Congratulations on the release, and thank you for your work on this!
Regarding the Password vs Password confirmation field, what is the best way to handle this? You mention using "within" on the blog post but the password field may not be within a separate element than the password confirmation. Would using the id of the field work?
fill_in 'user_password', with: 'secret'
Or will that also catch the user_password_confirmation id?
Ryan: Using the id would indeed work, since matches on `id` and `name` need to be exact, and are not allowed to be substrings. If you don't want to use ids, there are two sensible alternatives, you could change the labels to be less ambiguous, ("Enter password", "Confirm password", maybe?), or you could do something like: `all(:field, "Password").each { |field| field.set("value") }`. If you encapsulate that in some kind of method, it could actually looks somewhat decent `fill_in_all "Password", :with => "value"`, or something.
Maybe I am reading it wrong, but are you saying that on a page with password and password confirmation, "click_link "Password" will fail? I would have thought it correct that this click password as it matches exactly, and requires click_link "password confirmation" for the other one for disambiguation? Perhaps I am reading this wrong and being incredibly stupid (more likely ;)
On Wednesday, 14 November 2012 10:28:59 UTC, jnicklas wrote:
> Hi everyone,
> I'm very proud and pleased to finally release Capybara 2.0, many thanks to > the many, many contributors who made this release possible.
> First things first, this release is NOT BACKWARDS COMPATIBLE with Capybara > 1.x in a few important ways. We've taken this opportunity to make a couple > of changes which were long overdue and which hopefully will improve the > experience of using Capybara. Upon upgrade though, you will likely find > that your tests break. We understand that this is going to cause you > frustration and lost time. We are not making these changes lightly, and > there aren't likely to be any further changes for a long time after this. > We are committed to a stable API.

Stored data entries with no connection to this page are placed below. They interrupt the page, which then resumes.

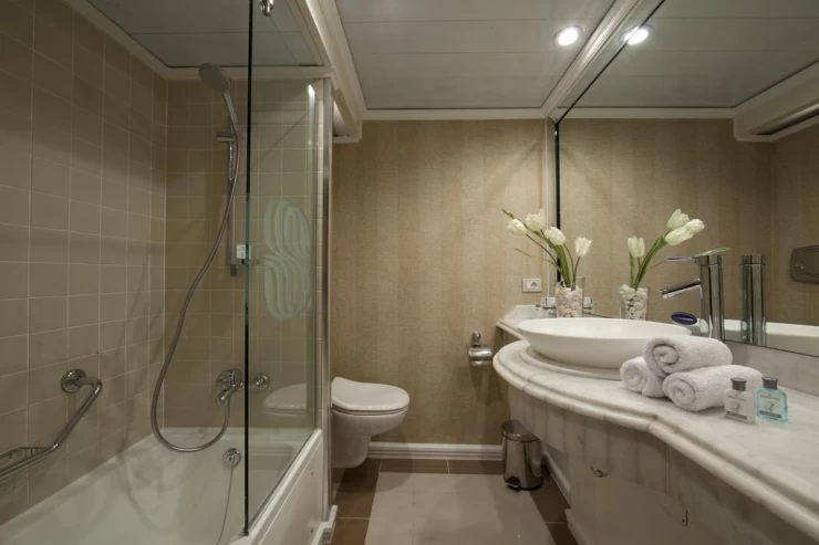 There is paid wireless internet access available throughout the ship and in each cabin. Other amenities include a direct-dial phone, individual climate control, a hair dryer, a minibar, a safety deposit box, television and movie programs, and bathtubs in the bathrooms. There is no smoking in any of the suites or cabins. Only outside is smoking permitted.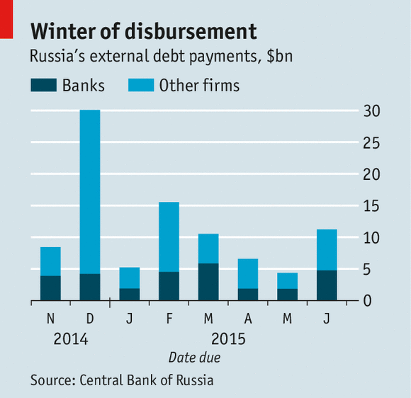 Существует еще ряд причин продавать рубли и покупать доллары. По данным центробанка, сейчас внешний долг российской экономики составляет более 120 миллиардов долларов, и сроки его погашения истекают в следующем году. Примерно треть этого долга принадлежит банкам, а оставшиеся две трети — другим компаниям. Некоторые из этих компаний — в особенности российские энергетические гиганты — получают прибыль в долларах. А большая часть остальных компаний, в том числе банки — нет. Поскольку санкции мешают многим российским компаниям занимать средства за границей, чтобы рефинансировать свои долларовые задолженности, возникает постоянный спрос на доллары. Учитывая то, что сроки платежей в основном истекают в декабре, это может привести к еще одному сокрушительному удару по рублю до конца года.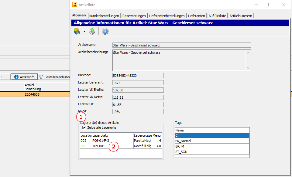 Habt ihr die Artikelinfo geöffnet, aktiviert im Reiter Allgemein unter Lagerort(e) dieses Artikels bitte das Häkchen bei Zeige alle Lagerorte 1 (falls noch nicht geschehen).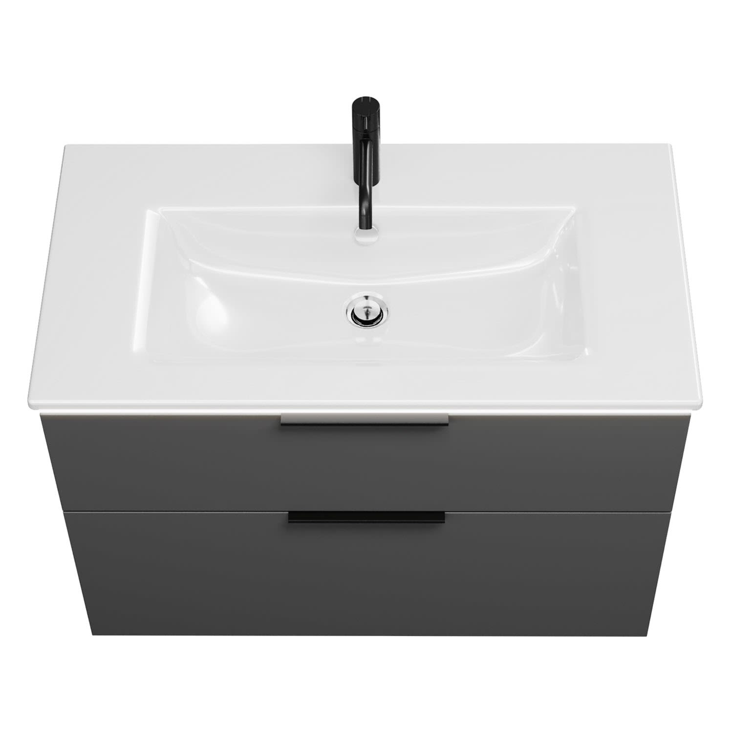 - 1 Schublade oben, 35 cm tief, mit Siphonausschnitt und Inneneinteilung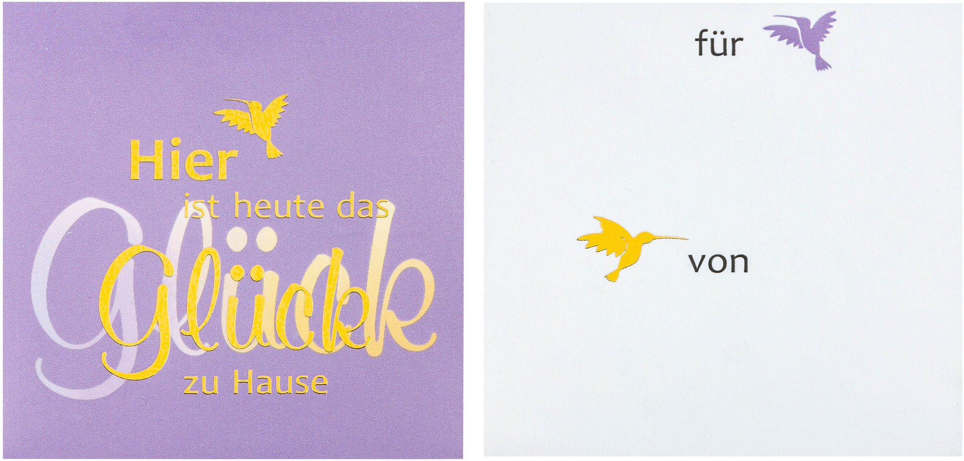 • mit Motto-Spruch „Hier ist heute das Glück zu Hause“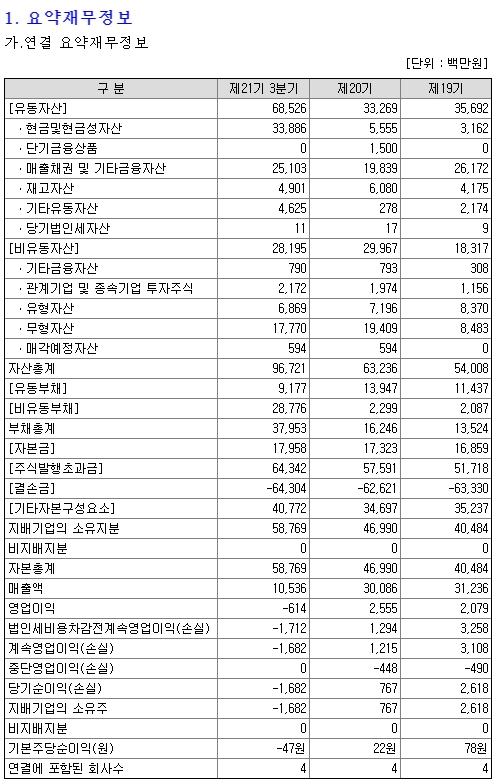 (20년 4분기 실적 발표를 아직 하지 않아 3분기 실적 보겠습니다.)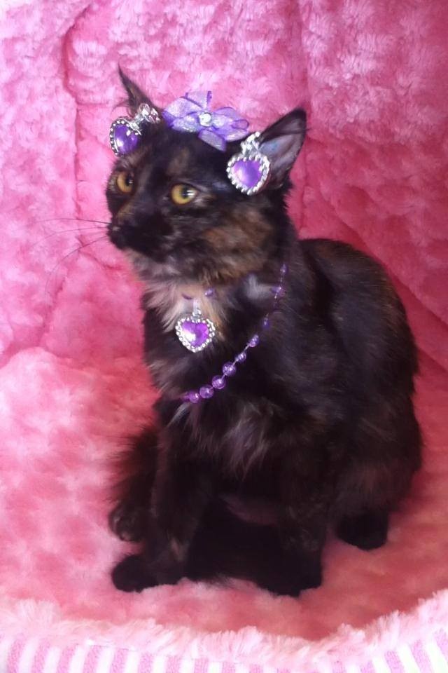 Diva is a pretty little long haired dark torti girl, who was raised around other cats and children. She is well handled and loves her cuddles.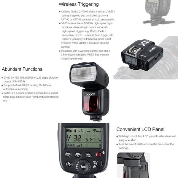 - Using Godox 2.4G wireless X system, Godox V850II can only be used by X1T-C or X1T-N X1T-S. When combined with high-speed triggers, Godox V850II can achieve 1/8000s high-speed synchronization.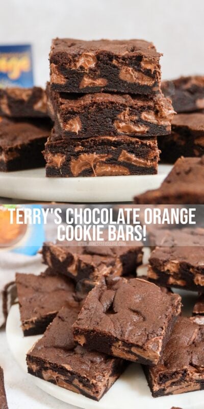 Chewy, gooey, deliciously yummy Terry’s chocolate orange cookie bars. Easy to bake, even easier to eat the entire batch!

> That being said, here's what you need to watch out for.
> When finding and interacting with elements through methods such as > `click_link` and `fill_in`, if there were more than one element which > matched, previously Capybara would try to guess which one you meant. From > now on, Capybara will raise an exception instead. For example, if you have > two fields named "Password" and "Password confirmation", then `fill_in > "Password", :with => "test"` will raise an exception.
> I wrote a blog post about some techniques we use at Elabs to mitigate this > problem:
> For those who use RSpec with Capybara, the `:type` metadata used by > Capybara tests has been changed from `:request` to `:feature`. This was > done to avoid confusion with Rails' built in integration tests. Make sure > you are using at least version `2.12.0` of `rspec-rails` if you are on > Rails, as it enables these changes. You will probably need to move your > Capybara tests to `spec/features`, as well as including all modules you > previously included in request spec in your feature specs instead.
> Andy Lindeman from the RSpec team wrote a blog post, explaining this > change in more detail:
> Please note that it will probably take a little while for other drivers, > like capybara-webkit and Poltergeist to be available for Capybara 2. For > now, only the bundled Selenium and RackTest drivers will work.
> I hope you like this release, if you have any problems, please let us know > as soon as possible!